If you’ve ever seen NBA Commissioner Adam Silver, you’ve thought to yourself, “Yeah, I like him, but he’d be much better at his job wearing green-and-white striped socks and not having a face.”  Someone has to be the adult in the room presiding over the chaos that is this NBA season, so let’s give that task to Silver as Nanny, that visageless overseer charged with the care of the candidates for MVMB (Most Valuable Muppet Baby).  

1.  Giannis Antetokunmpo (Kermit):  Giannis is always the headliner, front and center of the lunchbox.  The statues are already being carved.

2.  Joel Embiid (Piggy):  Loud and the center of attention, Embiid will do or say anything to keep the camera on him at all times.  Secretly afraid of letting anyone get too close.

3.  Luka Doncic (Fozzie):  With his wide range of facial expressions, Luka is always set to entertain, even if it means getting a few tomatoes lobbed his way by a displeased referee or sixteen.  After sorting through sidekick after mismatched sidekick (Porzingis, Kyrie), he finds himself singing “a table for one can be fun” more often than not.

4.  Shai Gilgeous-Alexander (Animal) :  His drives are seemingly reckless, but SGA is the heartbeat of the show.  Also had to leave Canada (Howie Mandel) to come stateside (Dave Coulier).

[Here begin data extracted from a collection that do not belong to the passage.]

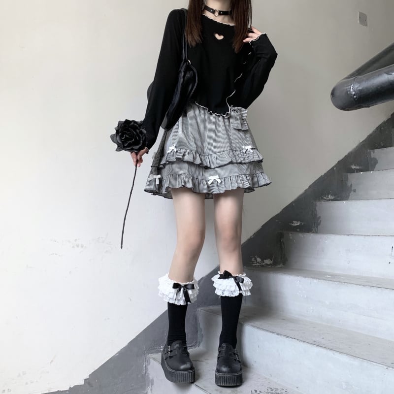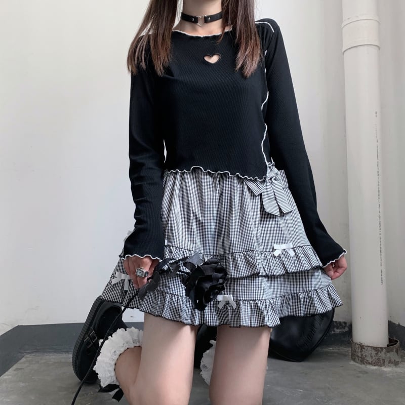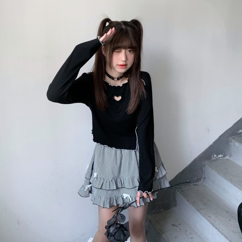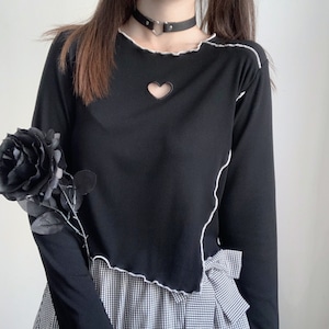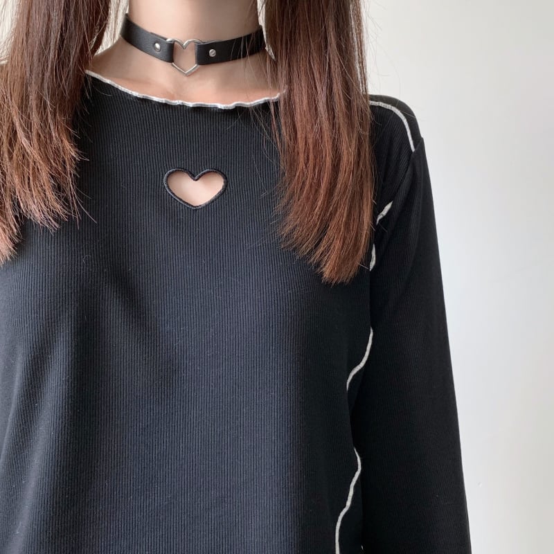 サブカル 服 地雷系 通販 長袖Tシャツ カーリング ハート 穴空き かわいい 甘め 原宿女子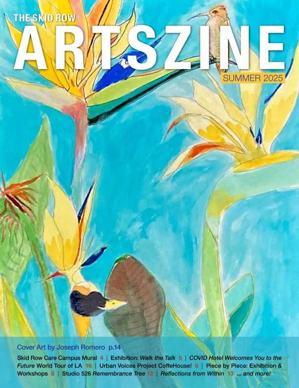 The Skid Row Arts Zine is for you, the members of Skid Row community. Our goal is to encourage and engage your creative spirit by providing safe spaces and opportunities for you to create and thrive. We invite you to a short survey about what you enjoy and would like to see in the Arts Zine.
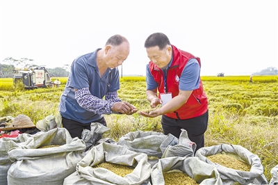 11月10日,在兴业县石南镇凤山村的稻田里,科技特派员(右)在查看晚稻品质。近年来,广西兴业县坚持人才下沉、科技下乡,组建专家团队,实现科技专家服务团对全县所有乡镇、科技特派员对所有脱贫村全覆盖。截至目前,兴业县科技特派员已进驻30多个创业示范基地,助力乡村振兴。 新华社 发
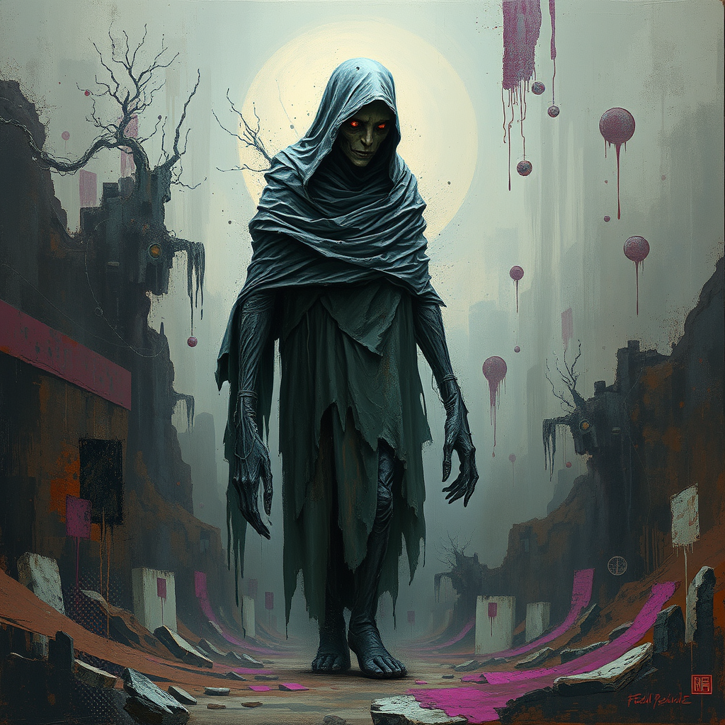 A haunting full-length figure cloaked in futuristic tattered garments emerges from the surreal landscape, its ghostly cold eyes piercing through with terrifyingly dark pupils. The mixed media artwork combines layers of paint, texture, and digital manipulation to render the figure in an evocative palette of shadowy grays, muted purples, and sickly greens, casting an eerie glow upon its form. Surrealist contours twist and blend with expressionist strokes, imbuing the figure with an unsettling presence. The creature's elongated limbs and distorted features meld into the chaotic backdrop, where abstract patterns suggest murmurings of a dystopian future. Enhancements such as ethereal wisps and subtle metallic sheens spark hints of otherworldly technology, merging with the primal to create a disquieting tension. Fractured elements throughout the piece reflect both an internal struggle and a fragmented world, drawing the viewer into its nightmarish, enthralling narrative.

5.  Jayson Tatum (Scooter):  Cerebral with limitless potential, there’s nothing on the court that Jayson Tatum cannot do.  Jayson Tatum solves problems.  Jayson Tatum is both queen and king on the chessboard, a string of nat 20s landing on Boardwalk.

6.  Jaylen Brown (Skeeter):  Overshadowed by another family member, Brown is athletic, competent, and able to hold down the fort in case of emergency.  May seek a spinoff next year, could be a sleeper hit (think New Girl meets Community meets Life on a Stick).

7.  Donovan Mitchell (Rowlf):  Smooth.  Just smooth.   Fun fact:  Mitchell once played Heath Ledger’s role in “10 Things I Hate About You” off-Broadway; the show was forced to close after one performance, as the producers thought Mitchell’s star turn would be too damaging to Ledger’s posthumous reputation.

8.  Nikola Jokic (Gonzo):  A Serbian center, who was a second-round pick, who has already been named MVMB two times running, who is nearly averaging a triple-double, who can run a fast break and throw the prettiest post passes you’ve ever seen?  Yeah, sounds like a weirdo to me, too.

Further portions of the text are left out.